Para 2022, vários planejamentos já estão em processo de criação. “Minha cabeça não para, penso em muita coisa. Penso em skin care, linha baby, criar meu próprio curso de marketing, muitos projetos”, revela Bia.

“Temos uma grade pronta de portfólio até o final de 2023”, diz Mari. “Como a gente trabalha com importação, tudo nosso é feito lá fora, tem um cronograma, um guia bem específico e organizado. Precisamos trabalhar com muita antecedência se não fica difícil se organizar para que de fato a gente coloque o produto no mercado. Tem todo um processo, mas já temos muitos produtos prontos, desenvolvidos, e muitos ainda em processo de desenvolvimento”, acrescenta.

Dicas para quem está começando

Todas elas mostraram que a união faz a força e cada vez mais mulheres assumindo este mercado as vantagens só aumentam para os negócios no país. Por isso, deram dicas para quem está começando no mundo do empreendedorismo.

“Primeiro: nós, mulheres, em muitos casos a gente se auto sabota. Acreditamos que o mundo dos negócios é uma atmosfera masculina, que não temos chance e só cuidamos do lado criativo.
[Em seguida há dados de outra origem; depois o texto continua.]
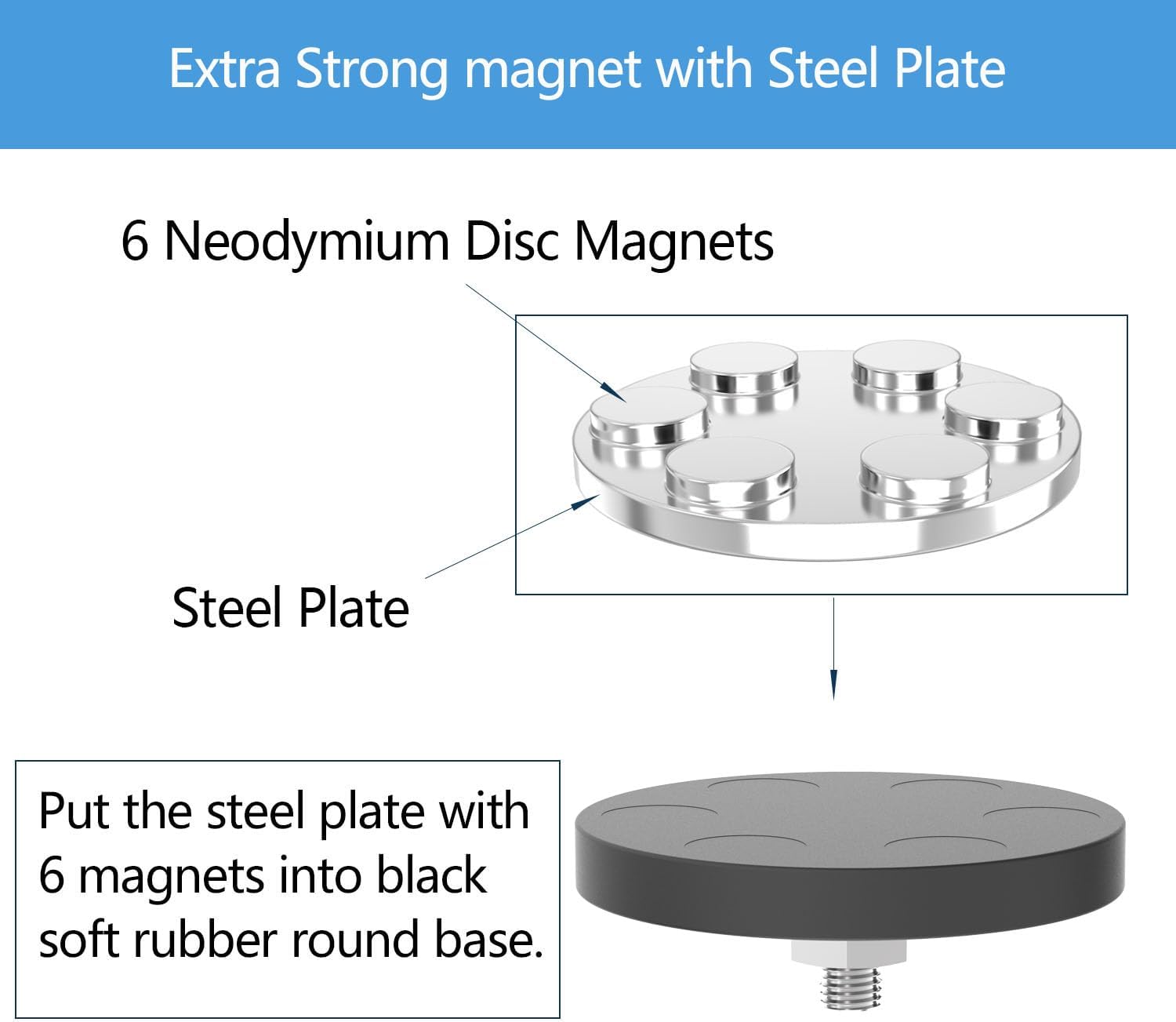 - 🧲[Powerful Magnetic Holders]: Each 2.60-inch magnet base comes with 6 super-strong N52 rare earth magnets. In our tests on 1.18-inch steel plates, they pulled vertically with a force of 80lbs and horizontally with a force of 16lbs.

Eu com 16 anos de idade, ou até antes, sonhava em construir minha história, em ser gigante e fui capaz de conquistar. Eu quero que a mulher seja a referência de negócio, a gente tem uma inteligência emocional que hoje em dia as marcas precisam ter. Hoje em dia a marca não é só algo frio e comercial, precisa ser cada vez mais humanizada, principalmente com a internet ela precisa estar cada vez mais conectada com seu público e nisso não tem quem faça melhor do que a mulher”, afirma Bianca.

“Se você sonha com isso, faça um plano de negócio, pegue um papel e comece a escrever o que você quer para a sua vida, entender qual o primeiro passo. Faça o que você tem agora, começa! No caminho você vai descobrindo, se conectando e aprendendo cada vez mais e adicionando no seu negócio”, explica.

Mari Saad frisou a importância de desfrutar o caminho e estar aberto às oportunidades. “O lance de você captar as oportunidades e entender tudo como uma passagem importante, que faz parte do caminho. Eu vejo isso porque lembro de aceitar vários trabalhos que na época não faziam tanto sentido pra mim, que às vezes não valem pelo financeiro, mas valeu pela experiência. Tudo é muito vantajoso, então estar em movimento e estar aberta às oportunidades é uma gentileza com você mesma”, disse.

“Também é importante se ver como empresa, te traz uma postura diferente, um olhar para capacitação de pessoas. Impossível você conseguir dar os próximos passos sem olhar internamente e entender que esse investimento é necessário o tempo todo. Várias cabeças pensantes é muito mais interessante que uma só, a gente consegue chegar em melhores conclusões para várias coisas que a gente precisa, juntando o time todo”, completou.

“Outra dica é a constância em rede social é uma coisa muito importante, conta bastante sobre você e mostra seu trabalho. Mas do fundo do coração é estar de acordo com suas vontades e entregar o melhor de si todos os dias. Precisam estar bem equilibrados o lado profissional com o pessoal para a gente conseguir se comportar da melhor maneira”, concluiu Mari.

Marina Repetto afirmou que é necessário se arriscar sem medo. “Às vezes o mundo vai dizer que aquilo não funciona. Mas se você sente, vá sem medo. De fato não temos como saber os resultados, mas só vamos saber de fato se a gente tentar”, opina.